Une statistique impressionnante illustre ce fait : 55% des visiteurs du Bernabeu Tour sont étrangers pour 70% d’européens en 2015. Pour le musée des 24 Heures du Mans, en 2014, 35% des visiteurs étaient étrangers.

Le rayonnement d’une ville est étroitement lié au rayonnement du club local. Les liens sont forts et les collectivités en ont conscience. C’est pour cette raison que de nombreux projets de musées ont été subventionnés en partie par les pouvoirs publics. C’est le cas pour le musée de l’Olympique Lyonnais puisque 25 % du financement du musée sont couverts par une subvention de 1,5 million d’euros accordée par la région Auvergne-Rhône-Alpes.

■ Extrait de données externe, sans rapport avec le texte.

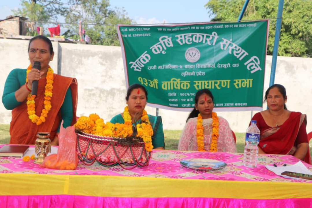 संस्थाकी अध्यक्ष सुविता चाैधरीकाे अध्यक्षता तथा राप्ती गाउँपालिकाकी उपाध्यक्ष कमलापती चाैधरीको प्रमुख आतिथ्यतामा सम्पन्न साधारणसभामा गाउँपालिकाकी उपाध्यक्ष चाैधरीले नेपाल जस्तो विकासउन्मुख मुलुकमा सहकारी क्षेत्र आर्थिक विकासको मेरुदण्ड भएकोले यसको सिद्धान्त र गरिमालाई पनि बचाएर अघि बढ्न आग्रह गर्नुभयाे ।

Au-delà de la salle des trophées, la visite du stade

Aujourd’hui, la réflexion du musée est plus globale. On cherche à proposer une expérience différenciante et complète notamment en offrant une expérience plus immersive. Par exemple, de nombreux clubs proposent la visite de la pelouse, du vestiaire, de la salle de presse, etc. Le musée n’est plus le seul élément de visite, il fait partie d’un parcours plus vaste et plus riche. Celui-ci est réfléchit, de sorte à ce que le visiteur se sente privilégié de voir des espaces normalement consacrés aux joueurs.

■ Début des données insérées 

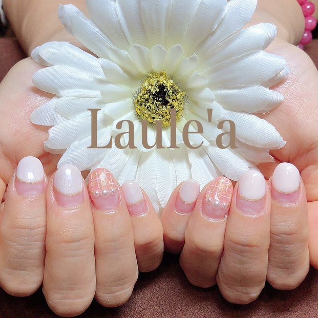 ピンクカラーのツイードネイルを取り入れれば、フェミニンな印象がアップします。上品なツイード柄は、オフィスシーンでも使える好印象なデザインです。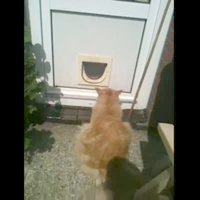 A fat orange cat chases a black cat through a cat door and gets stuck indoors.

Prenons l’exemple du PSG Expérience sur lequel nous avons déjà rédigé un article. Le club a développé une expérience globale sans égal en France. Il offre aux visiteurs la possibilité de visiter le stade, de faire un Escape Game ou bien de profiter de l’Arcade VR avec 16 activités. Un vrai parc à thème virtuel à l’image du PSG !

Crédit photo : Benoit Florencon

Le digital offre de nouvelles opportunités

Le digital et les nouvelles technologies offrent de nouveaux axes de développement pour les musées afin de rendre plus attractif et interactif la visite.

Pour certains, c’est la possibilité de dynamiser l’histoire d’un club à travers des vidéos, des images, des expériences en Réalité Virtuelle pour se plonger toujours plus dans le passé du club. Pour d’autres, c’est la possibilité d’offrir un souvenir physique. Comme le propose le Real Madrid en prenant en photo les visiteurs sur un fond vert, leur permettant ainsi de choisir le joueur qu’ils souhaitent avoir à leur côté.

Les nouvelles technologies, c’est également rendre la visite ludique, comme le fait l’ASM Clermont avec la transformation d’essai. Le visiteur peut tester son coup de pied en frappant dans un ballon détectable par un capteur de mouvement.

Crédit photo : ASM Clermont

Nombre d’activités sont réalisables avec le digital pour rendre un musée vivant, participatif, ludique et pédagogique, loin de l’idée d’un musée “mémorial” seulement rempli de maillot et de trophée. De nombreux outils existent tels que les écrans tactiles, les bornes interactives, les hologrammes, l’eSport, etc. Les clubs peuvent donc laisser libre court à leur imagination et leur créativité. Le College Football Hall of Fame a surfé sur cette vague et se positionne aujourd’hui comme l’un des meilleurs musées digitalisés.

Le musée est un axe de développement non négligeable pour une structure sportive que ce soit pour prolonger l’expérience fan ou engendrer de nouveaux revenus. Le développement d’un musée doit être réfléchi assidûment pour offrir une expérience complète et ludique pour s’adresser à un public large : petits et grands, fans ou étranger du club.